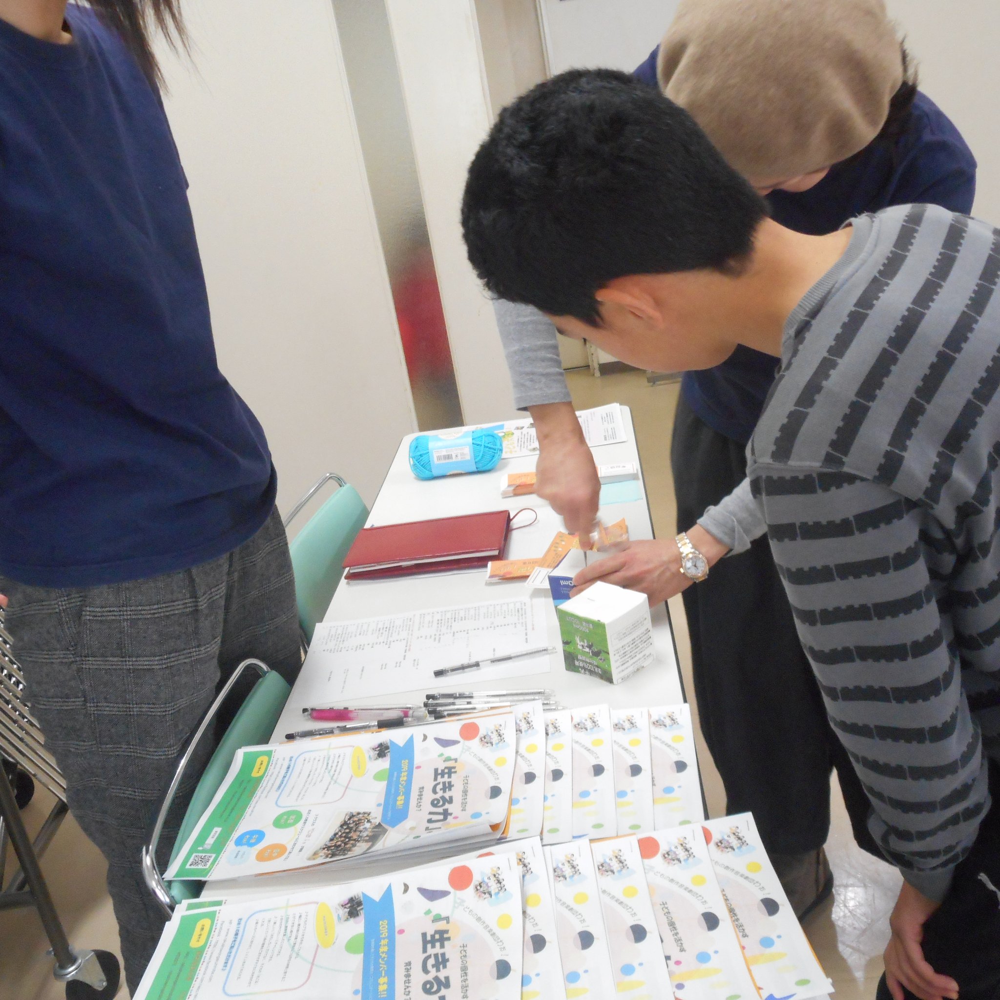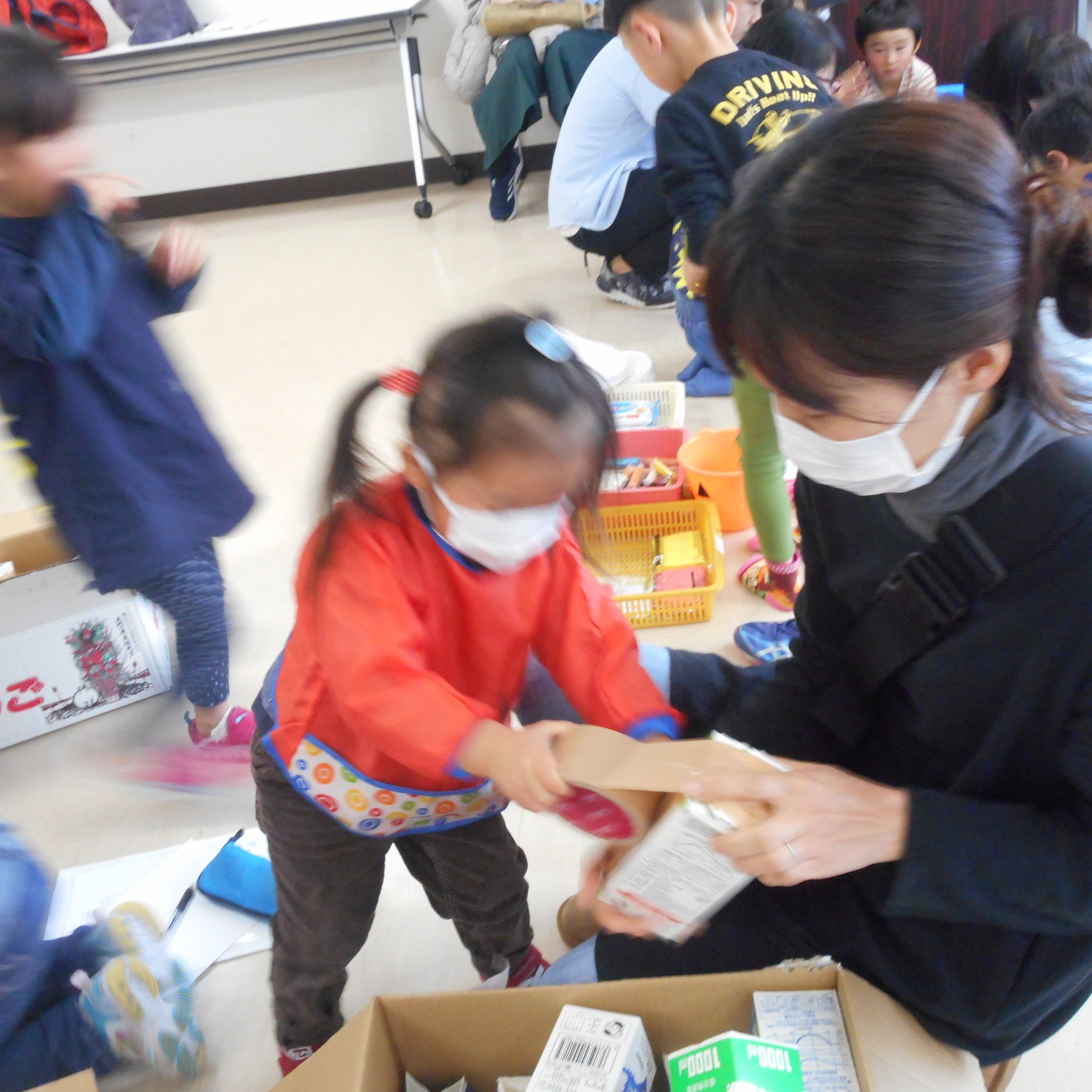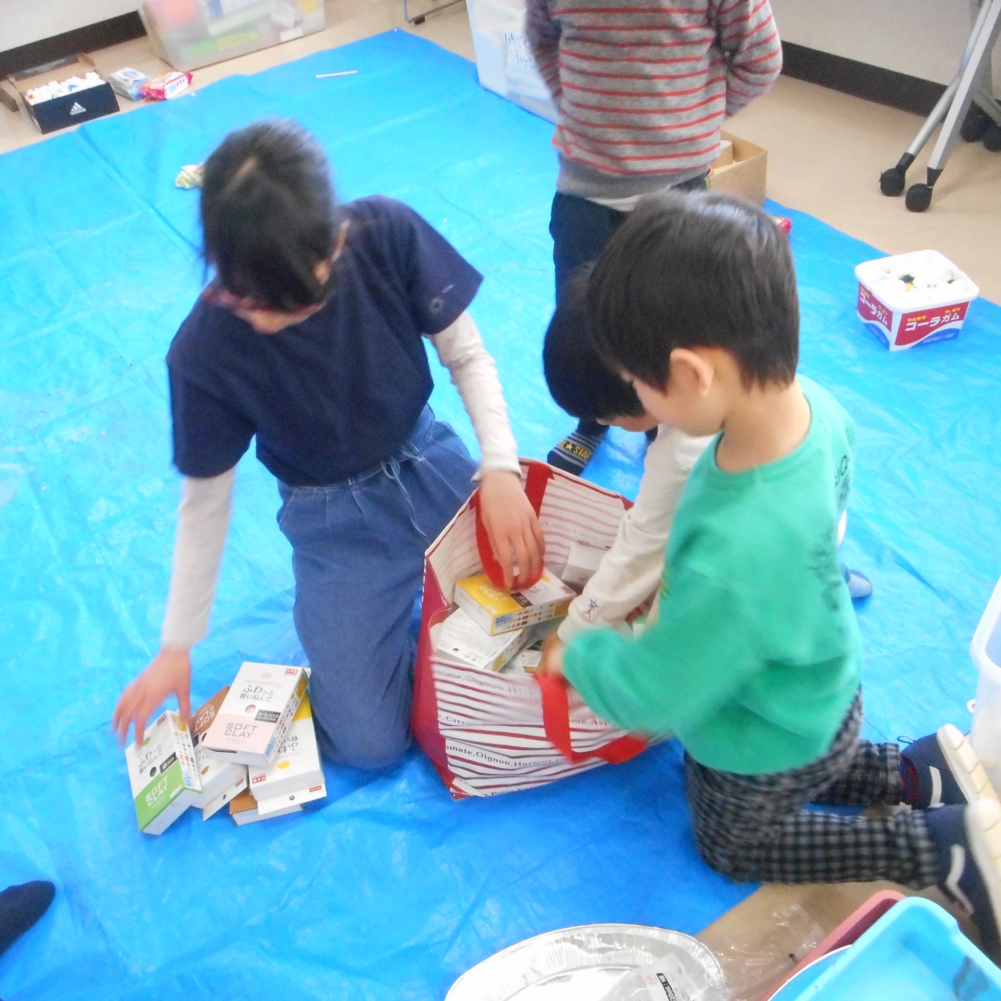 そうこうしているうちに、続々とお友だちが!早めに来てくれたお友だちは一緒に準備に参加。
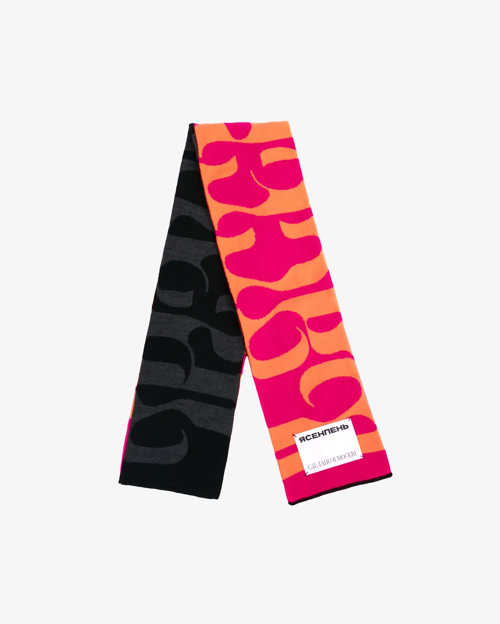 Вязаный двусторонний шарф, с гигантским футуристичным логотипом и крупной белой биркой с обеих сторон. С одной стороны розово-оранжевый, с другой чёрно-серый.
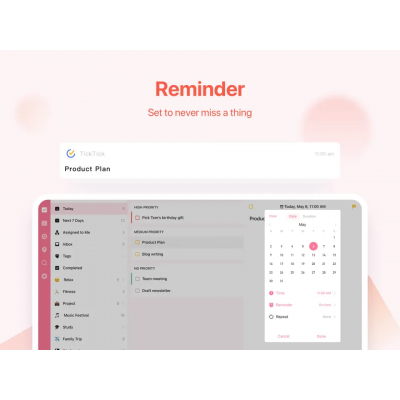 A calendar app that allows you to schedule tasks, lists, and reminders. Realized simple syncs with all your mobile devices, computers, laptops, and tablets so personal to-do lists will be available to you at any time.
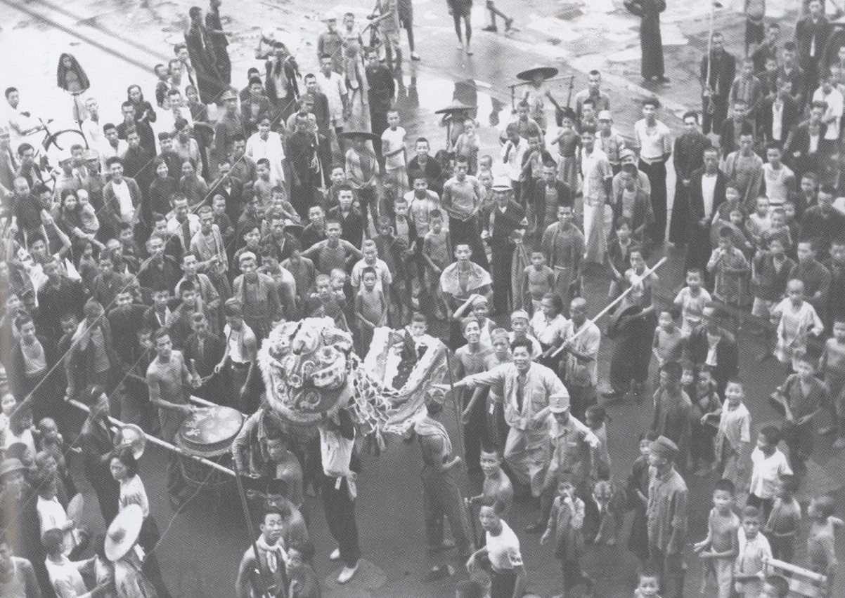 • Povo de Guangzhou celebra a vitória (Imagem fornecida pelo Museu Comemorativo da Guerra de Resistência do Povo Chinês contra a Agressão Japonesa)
◆ ◆ ◆
> _Assignment_
Retype the data exactly as it stands, but keep the images out of your copy.

> _Problem solution_
 そうこうしているうちに、続々とお友だちが!早めに来てくれたお友だちは一緒に準備に参加。
 Вязаный двусторонний шарф, с гигантским футуристичным логотипом и крупной белой биркой с обеих сторон. С одной стороны розово-оранжевый, с другой чёрно-серый.
 A calendar app that allows you to schedule tasks, lists, and reminders. Realized simple syncs with all your mobile devices, computers, laptops, and tablets so personal to-do lists will be available to you at any time.
 • Povo de Guangzhou celebra a vitória (Imagem fornecida pelo Museu Comemorativo da Guerra de Resistência do Povo Chinês contra a Agressão Japonesa)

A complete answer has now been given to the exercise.